Tijdens de laatste jaren van de opgravingen die in Göbekli Tepe zijn uitgevoerd, zijn inspanningen geleverd om de structuren en het gebied zoals ze zijn opgegraven te beschermen en tentoon te stellen. De muren en obelisken worden geprobeerd te beschermen met stof, gezeefde grond, houten constructie en gaaslijnen. De dreiging van plundering en externe omgevingscondities op de lange termijn vereist echter speciale bescherming van de structuren en archeologische artefacten hier. Als reactie op deze eis heeft het Global Heritage Fund aangekondigd dat in 2010 een meerjarig werkprogramma zal worden gehouden om Göbekli Tepe te beschermen. Dit aspect van het werk in het Ministerie van Cultuur en Toerisme van de Republiek Turkije, de gemeente Şanlıurfa, het Duitse Archeologische Instituut en het Duitse Onderzoeksfonds dat naar verwachting in samenwerking zal worden uitgevoerd.

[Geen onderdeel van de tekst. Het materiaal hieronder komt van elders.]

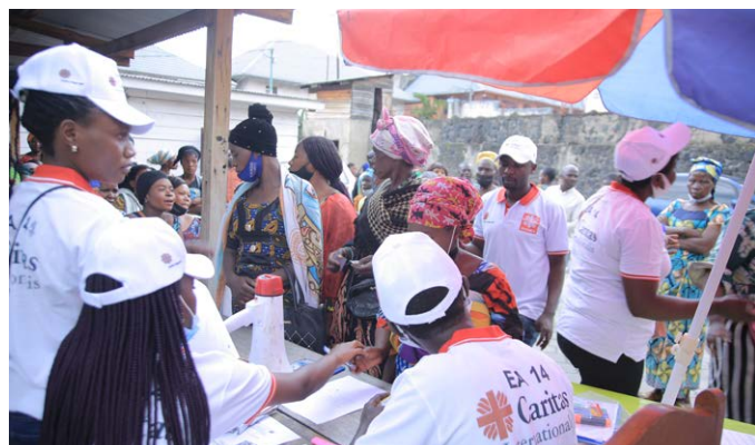
Cash Transfer pour le paiement des frais de loyer aux sinistrés de l'éruption volcanique de Goma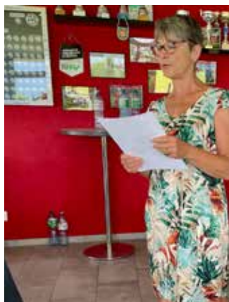
AG 2023, souvenirs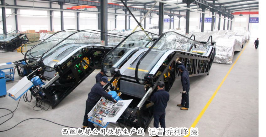
智能电梯机器人

抓牢作风建设，持续深化从严治党新常态。不断强化党内监督，推动正风肃纪常态化。坚持不懈落实中央八项规定精神，驰而不息，正风肃纪，促进作风建设常态化。持续抓好基层党员干部“微腐败”治理，集中力量查处侵害群众利益的案件，持续推进“五大工程”建设，持续打开开发区忠诚干净、有担当的执纪铁军。加大财政资金监管力度，规范资金审批程序，对重点项目、重点领域、涉农领域等专项资金开展审计工作，着力在源头治理腐败问题。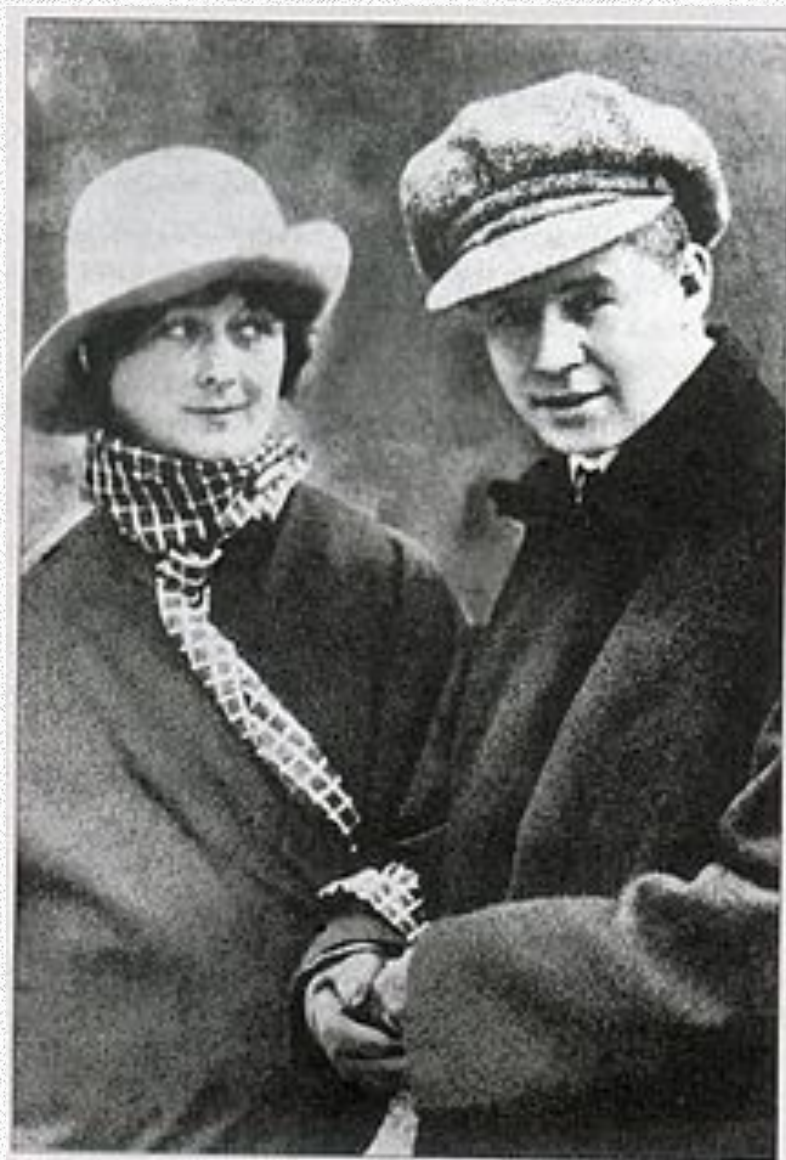
Есенин и Айседора Дункан, 1922

Осенью 1921 года в мастерской Г. Б. Якулова Есенин познакомился с танцовщицей Айседорой Дункан, на которой он через полгода женился. Газета «Известия» опубликовала записи Есенина об Америке «Железный Миргород». Брак с Дункан распался вскоре после их возвращения из-за границы.

Het doel van dit initiatief is om de totstandkoming van een adequate regeling voor het beheer van de opgegraven structuren en hun omgeving te ondersteunen, om een ​​passend toekomstig instandhoudingsplan te bepalen, om een ​​beschermingshoes te maken die de exposities tegen weersomstandigheden zal beschermen en om de nodige initiatieven te nemen. In deze context is het de bedoeling om de faciliteiten, transportlijnen en parkeerplaatsen, bezoekersgebieden die nodig zijn voor het projectteam en de ontwikkeling van de toeristische infrastructuur in brede zin te ontwikkelen, al naar gelang de situatie vereist.

Wees de eerste om te reageren

Laat een antwoord achter

Uw e-mailadres wordt niet gepubliceerd.